The Community Infrastructure Levy (known as CIL) was introduced in 2010 to allow local authorities in England and Wales to raise funds from new building projects to fund new infrastructure needed to support the development of the area. Since 2010, a number of changes have been made to CIL, as a result of lessons learnt during its early stages of implementation.
The latest package of proposed changes have already been through a consultation process and the Government has announced that they will be developing regulations and guidance as quickly as possible to enable the changes to come into effect by the end of January 2014 (subject to the parliamentary process).
Amongst the proposed changes are the following headlines:
All residential extensions and annexes to be exempt from CIL. (Currently larger residential extensions of 100m2 or more are liable to pay CIL)
Genuine self-build housing to be eligible to apply for relief from CIL
Extending the vacancy test from 1 year to 3 years. There is currently a ‘vacancy test’ which allows the off-setting of existing floorspace against a levy liability when a building has been in continuous lawful use for at least six of the previous 12 months. The new regulations will allow buildings that have been in use for a continuous period of 6 months in the last 3 years to be exempt from CIL payment. Furthermore, only increases in floorspace in refurbishment and redevelopment schemes would be chargeable, providing that the use of the buildings on site had not been abandoned
Changes to the rules for “discretionary relief in exceptional circumstances”. Currently there must be a Section 106 in place which is greater than the value of CIL, before discretionary relief can be provided.
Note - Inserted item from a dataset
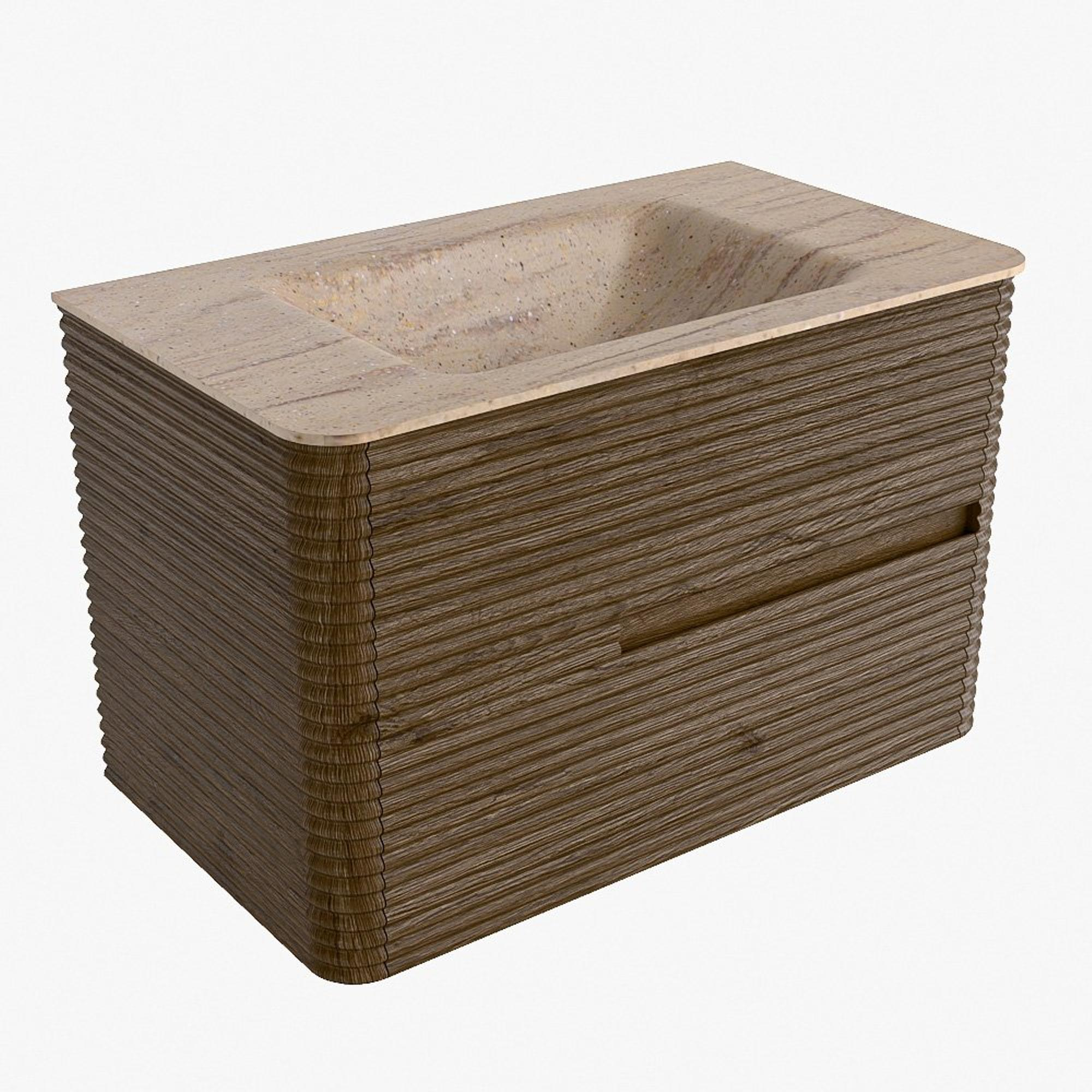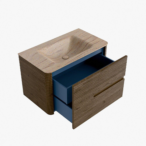 Mondiaz CIRO-DLUX Badkamermeubelset - 80x45x50cm - Solid surface wastafel Saba - 1 wasbak Midden - 1 kraangat - 2 lades - Dusk

The proposed change is that the S106 must be in place but does not need to be higher in value than the CIL in order for discretionary relief to be sought
Changes to CIL appeals – the new regulations will allow appeals against the chargeable amount in relation to planning permissions granted after development has commenced. This will assist with retrospective planning permissions, section 73 applications or new planning permissions which change the design of a commenced scheme
Whilst the proposed changes will be welcomed by many, it is clear that the CIL regulations are continuously evolving and becoming an increasingly complex area of work for all those involved.